To humans in future centuries learning about the twentieth century, the story of this century must seem unbelievable if not implausible. One devastating war after the other, hot and cold, and mostly global. And genocide, and lots of it. Millions of children, elderly people, women, and men killed for no apparent reason. The organized eradication of whole peoples solely on the pretext of their alleged otherness, again and again. These were humanity's darkest hours, these were the times when we needed to invent and reinvent words to describe the unspeakable, the unimaginable: Holocaust, Shoah, genocide, and “ethnic cleansing.” … These genocides were something new in the known history of humanity, and certainly new in their time.

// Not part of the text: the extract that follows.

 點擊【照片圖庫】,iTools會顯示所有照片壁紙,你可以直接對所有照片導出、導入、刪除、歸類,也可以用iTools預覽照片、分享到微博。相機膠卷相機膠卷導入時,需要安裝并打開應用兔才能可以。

Using the same wide array of often-overlooked primary sources that made Ataturk in the Nazi Imagination so fascinating, Ihrig traces the ways knowledge of the Armenian genocide filtered into the consciousness of Germany, not just on the official level (“When we look at official, governmental Germany,” he writes with sharp finality, “the question of what Germany knew about the Armenian Genocide is easy to answer: it knew almost everything”) but on the popular level. One of the main vectors of that awareness was Franz Werfel's bestselling 1933 novel The Forty Days of Musa Dagh, and Ihrig's book does an exceptional job of conveying the omnipresence of Werfel's book when it comes to this subject – and its enormous impact on generations of readers:

The significance of The Forty Days of Musa Dagh goes far beyond the confines of the Armenian-Turkish conflict. Werfel's book has touched many lives. Arthur Miller read it “way back, when it first came out.” It was on Frank Sinatra's bookshelf in his Hollywood dressing room after World War II. Edward Said read it growing up. And Vaclav Havel, the future president of Czechoslovakia, read it while in prison as a dissident in 1979, and thought it “wonderful.” Ethnic Germans in Romania read it in their German schools in the Ceausescu years.

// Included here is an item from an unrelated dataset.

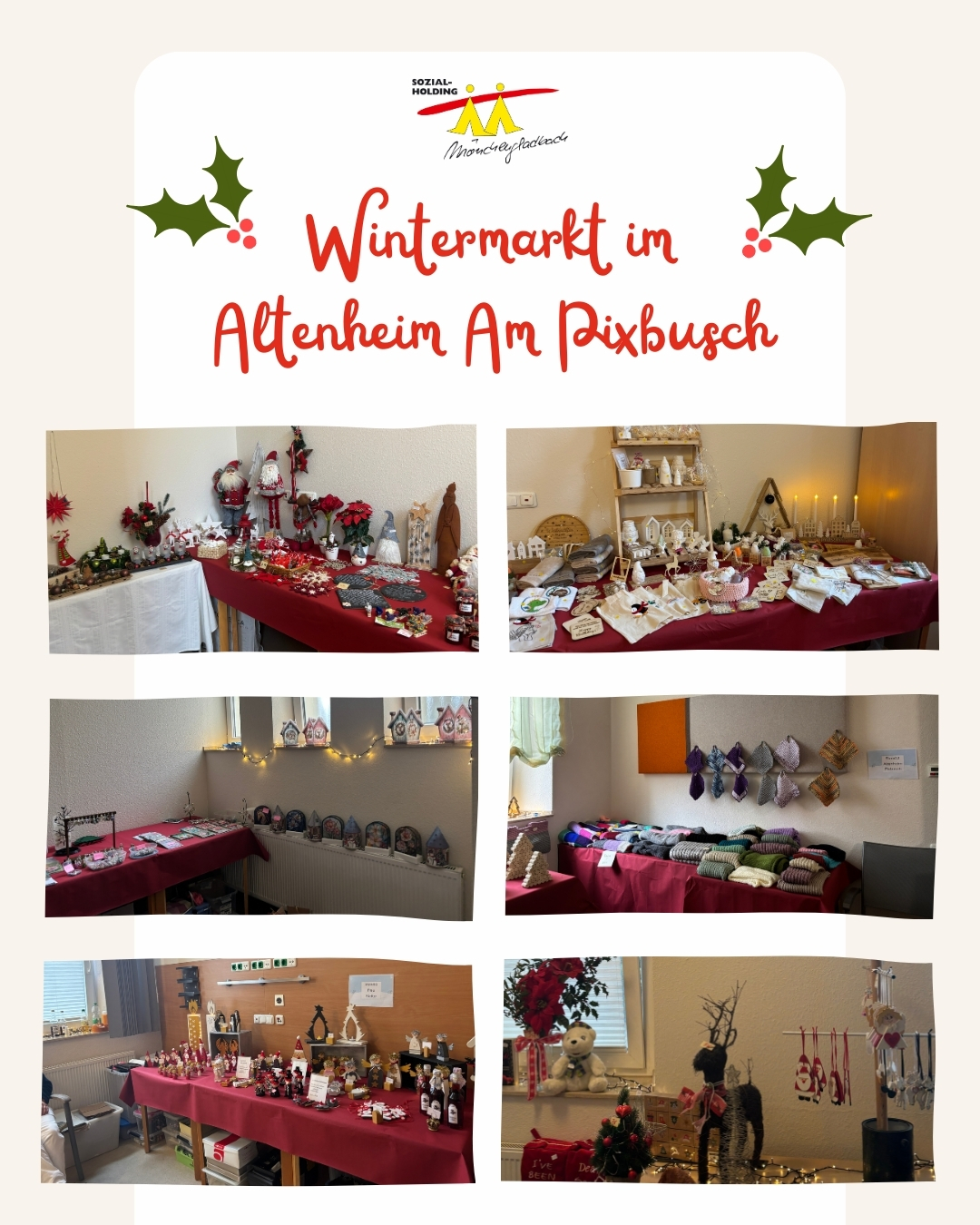Am vergangenen Wochenende hat sich unser Altenheim in Odenkirchen in ein Winterwunderland verwandelt. Der traditionelle Wintermarkt lockte Bewohnerinnen und Bewohner, Angehörige sowie zahlreiche Gäste aus der Nachbarschaft an und sorgte für eine warme, festliche Atmosphäre.

Naturally, any discussion of the Armenian Genocide that includes Germany must inevitably raise the question of the connection between the Ottoman event and the genocidal atrocities of the Nazis. Ihrig contends that in order to make those Nazi crimes conceivable, a mental space for them had to be opened up in the popular imagination – and that the Armenian Genocide served that purpose:

The Armenian Genocide and its presence in German discourse must have made the murder of a whole people more conceivable. The continuous dehumanization of one national or, in some minds, racial group, from the late nineteenth century until the 1920s in the center of German society and public discourse, of one of the oldest Christian peoples no less, to the point that their wholesale murder was deemed justified or justifiable by large segments of the nationalist press was an unfortunate test case and an unfortunate tradition for Germany.

Justifying Genocide is a powerful and unsettling study about how nations – and nationalities – learn to kill, and taken with its predecessor, it forms a refreshingly complicated picture of European intellectual connections, for good or ill, with Western Asia. This latest book also confirms that Ihrig is an author all serious readers of history should be buying.